店の奥には旦那さんと奥さんがいて、「もう出来上がっているわよ」と腕いっぱいの花束を持たせてくれる。花に詳しくないわたしはいつも「おまかせで」とお願いするのだけれど、渡したい相手や理由を正確に汲み取ってくれて、イメージ通りのものを作ってくれるからすごい。

 

首から下げた小さなお財布からお金を取りだし奥さんに渡すと、花束を抱えて元の世界へ戻り、自転車のカゴにしっかりと乗せる。
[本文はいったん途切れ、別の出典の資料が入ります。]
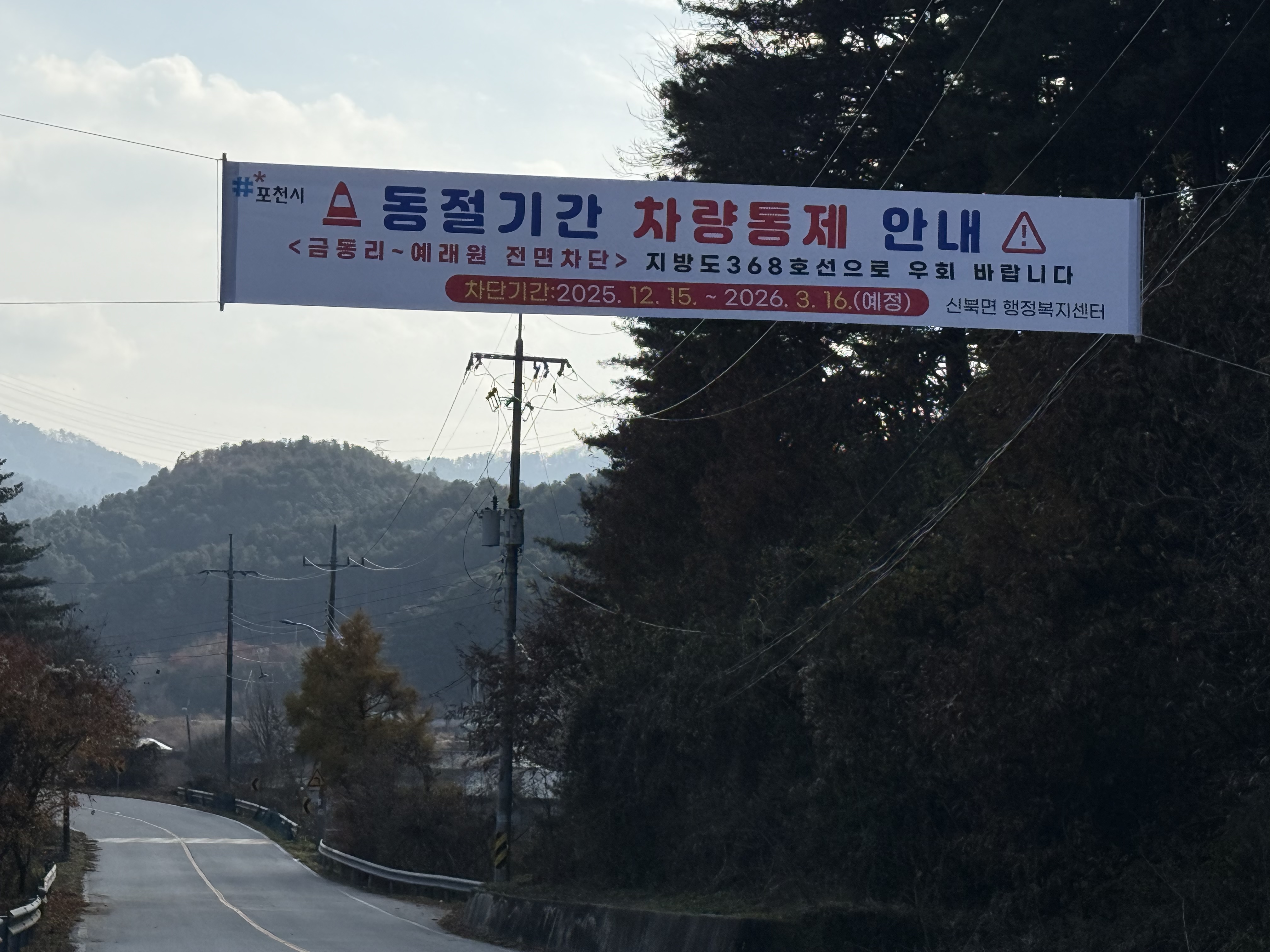 포천시와 포천경찰서는 동절기 잦은 폭설과 상습 결빙으로 인해 차량 미끄럼 사고와 차량 전복 사고가 자주 발생하는 지역으로 2025년 12월 15일부터 2026년 3월 16일까지 차량은 전면 통제됩니다.

近くを通ったおばあさんに「綺麗な花束ね」と声をかけられるだろうから、「うふふ、そうでしょう。これから届けに行くのよ」と笑い返そう。

 

サドルに跨り、グン、と右足から漕ぎ始め、果物市場や八百屋のあいだをゆったりと通りすぎると、1人目の家に到着する。薄いピンク色のアパートを見上げると、窓辺に座っていた彼はこちらに気がつき、ひらひらと手を振って家の中に姿を消す。

 

 

こんなふうに自転車で坂をくだったりのぼったり、時おり寄り道をしたりして、大切なひとに花束を届けに行きたい。

 

カラフルな街並みのイメージは、たとえばメキシコのグアナファトとか、フランスのコルマールあたりだろうか。コルマールは‘‘ハウルの動く城’’のモデルになっているらしい。まさしくあんな感じ。

 

 

考えてみれば、今すぐにでも叶えられる夢だ。

フリーランスだからどこに行っても仕事はできるし、今すぐ旅立つことも可能。人生はいつ終わるかわからない。もしかすると明日死んでしまうかもしれない。今叶えられる夢なら、今叶えるべきなのかもしれない。

 

けれど、この夢を見続けることで、わたしの日常と未来は色鮮やかさを増す。

自転車に乗って、大切なひとたちに花束を届ける未来が待っているという確信がある。未来のわたしは間違いなくその夢を叶える。

 

だからその夢は未来のわたしに預けた。未来のわたしが叶えると、決めた。

いつかの日をイメージするだけで幸せだし、今は今やるべきことに注力したいと思う。

 

 

そういう夢のかたちもあるのかな、とぼんやり考えながら、‘‘ハウルの動く城’’のDVDを手に取った。